A verbatim copy of the full data, with no pictures, is the expected answer.

**Given data**
== Segment start ==
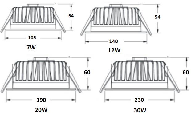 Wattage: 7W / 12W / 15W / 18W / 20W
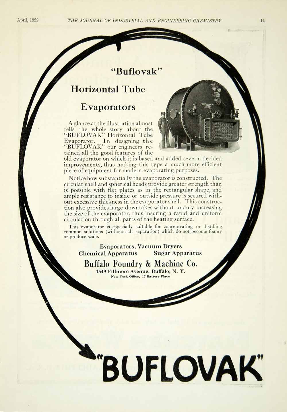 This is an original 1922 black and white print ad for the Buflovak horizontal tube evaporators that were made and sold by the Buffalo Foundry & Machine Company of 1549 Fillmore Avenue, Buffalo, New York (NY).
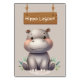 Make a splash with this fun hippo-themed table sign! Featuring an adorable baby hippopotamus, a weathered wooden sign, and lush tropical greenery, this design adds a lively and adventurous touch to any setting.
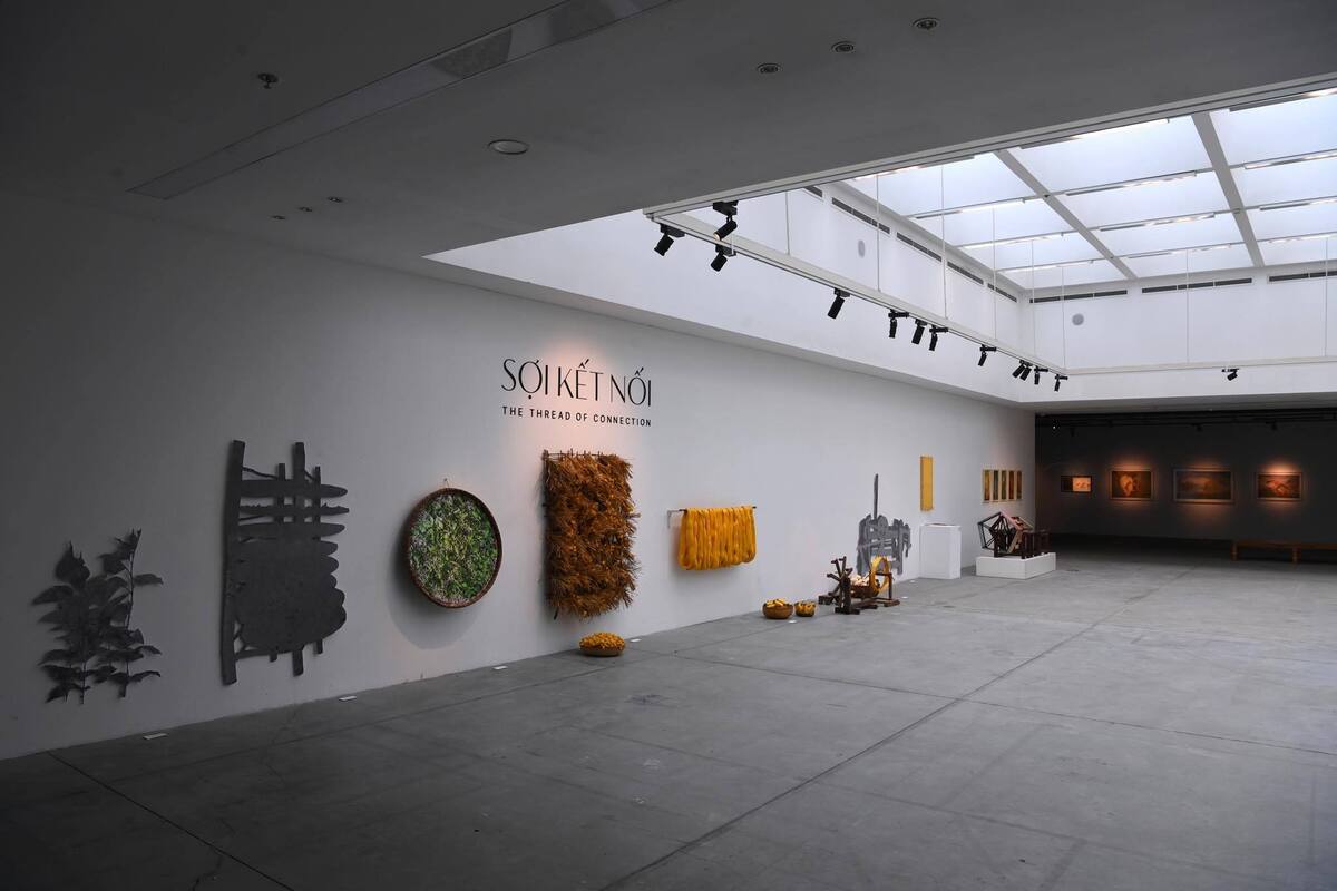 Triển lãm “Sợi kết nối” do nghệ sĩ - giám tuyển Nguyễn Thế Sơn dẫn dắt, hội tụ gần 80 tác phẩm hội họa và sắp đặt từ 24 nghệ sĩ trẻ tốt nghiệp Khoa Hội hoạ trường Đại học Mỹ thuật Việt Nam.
== Segment end ==
**Solution**
 Wattage: 7W / 12W / 15W / 18W / 20W
 This is an original 1922 black and white print ad for the Buflovak horizontal tube evaporators that were made and sold by the Buffalo Foundry & Machine Company of 1549 Fillmore Avenue, Buffalo, New York (NY).
 Make a splash with this fun hippo-themed table sign! Featuring an adorable baby hippopotamus, a weathered wooden sign, and lush tropical greenery, this design adds a lively and adventurous touch to any setting.
 Triển lãm “Sợi kết nối” do nghệ sĩ - giám tuyển Nguyễn Thế Sơn dẫn dắt, hội tụ gần 80 tác phẩm hội họa và sắp đặt từ 24 nghệ sĩ trẻ tốt nghiệp Khoa Hội hoạ trường Đại học Mỹ thuật Việt Nam.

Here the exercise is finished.